World Mental Health Day: WOMEC Calls for Stronger Support for Mental Health Services
As Ghana joins the global community to mark World Mental Health Day, the Women, Media and Change (WOMEC) has called for urgent and transformative support to strengthen mental health services across the country.
In a statement signed by its Executive Director, Dr. Charity Binkah, WOMEC said access to quality mental health care remains a major challenge for many Ghanaians, particularly women and girls, who continue to face significant emotional and psychological stress with limited support.
This year’s celebration, themed “Access to Services – Mental Health in Catastrophes and Emergencies,” underscores the need for improved mental health systems, especially in times of crisis such as economic hardship, floods, road accidents, epidemics, conflicts, and gender-based violence — all of which heighten psychological distress.
Dr. Binkah noted that during emergencies, mental health needs increase but access to care becomes even more restricted.

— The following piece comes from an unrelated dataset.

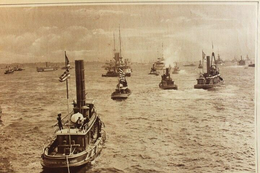 Antique 1919 Paper Print WW1 of the American Fleet returning to New York

She emphasized that women, who often serve as caregivers, frontline workers, and emotional anchors in families and communities, are disproportionately affected.

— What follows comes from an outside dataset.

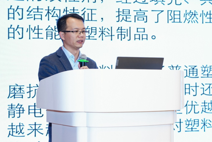 第二位分享的嘉宾是来自中国塑料加工工业协会改性塑料专委会秘书长杨松伟先生,他围绕《科技赋能助力聚烯烃产业高质量发展》展开分析。杨老师在现场除了对聚烯烃改性市场发展、原料的要求、带动情况做了详细介绍和展望,更对发展方向做了展望,他说到塑料加工行业的技术创新未来发展方向,即走向智能化、精密化、功能化、生态化、轻量化。
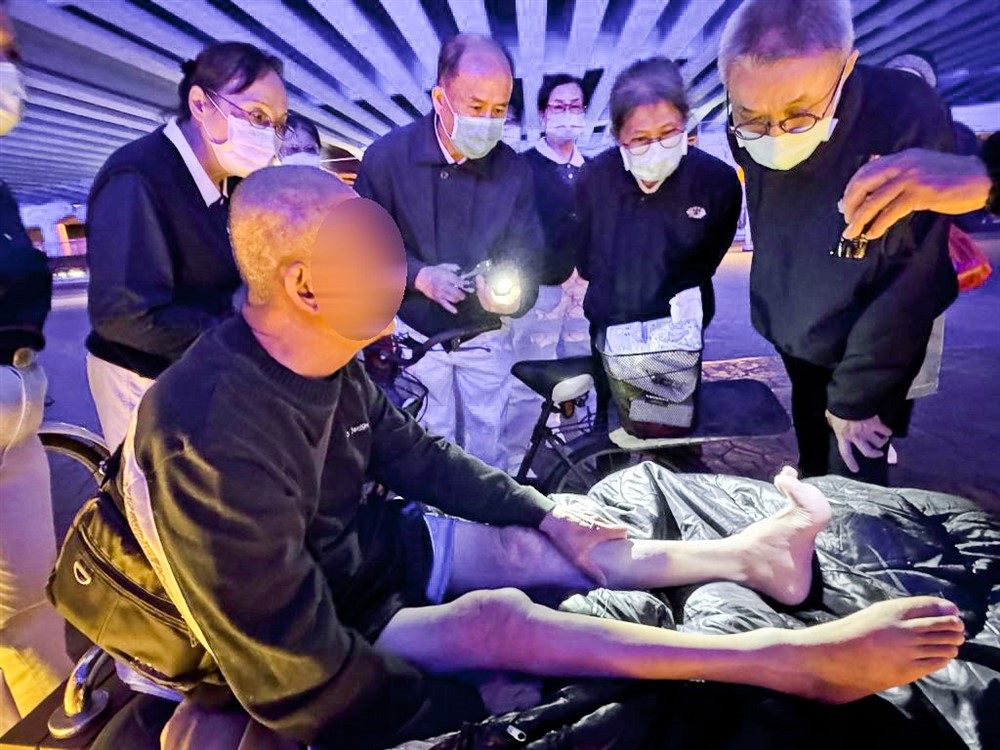 一月六日深夜高雄慈濟志工團隊帶著愛心物資進行街友關懷服務,同行的高屏區慈濟人醫會葉添浩醫師(右一),悉心為身體不適的街友做檢查。

“Women face enormous physical, economic, and psychological pressures without adequate support,” the statement said. “They are at a higher risk of anxiety, depression, and trauma, yet very few receive professional help due to stigma, discrimination, and the lack of community-based services, especially in rural areas.”
WOMEC stressed that mental health care, particularly for women and girls, must be recognized as a basic human right rather than a privilege.

The organization called on government and development partners to take actions: in strengthen CHPS compounds with integrated mental health services, especially for women and girls, provide free trauma and psychosocial counselling for survivors of gender-based violence.and as well incorporate mental health screening into antenatal and postnatal care.
The Organisation also called for expansion of National Health Insurance Scheme (NHIS) to fully cover mental health services and medications.
WOMEC in its statement further urged civil society, traditional and faith leaders, employers, and the media to play active roles in promoting mental wellness and combating stigma.
“No woman should have to suffer in silence. Mental wellness is not a privilege — it is a right,” the statement concluded. “When women are mentally strong, families are stable, children succeed, communities thrive, and Ghana develops. When women heal, nations recover. When women thrive, Ghana rises.”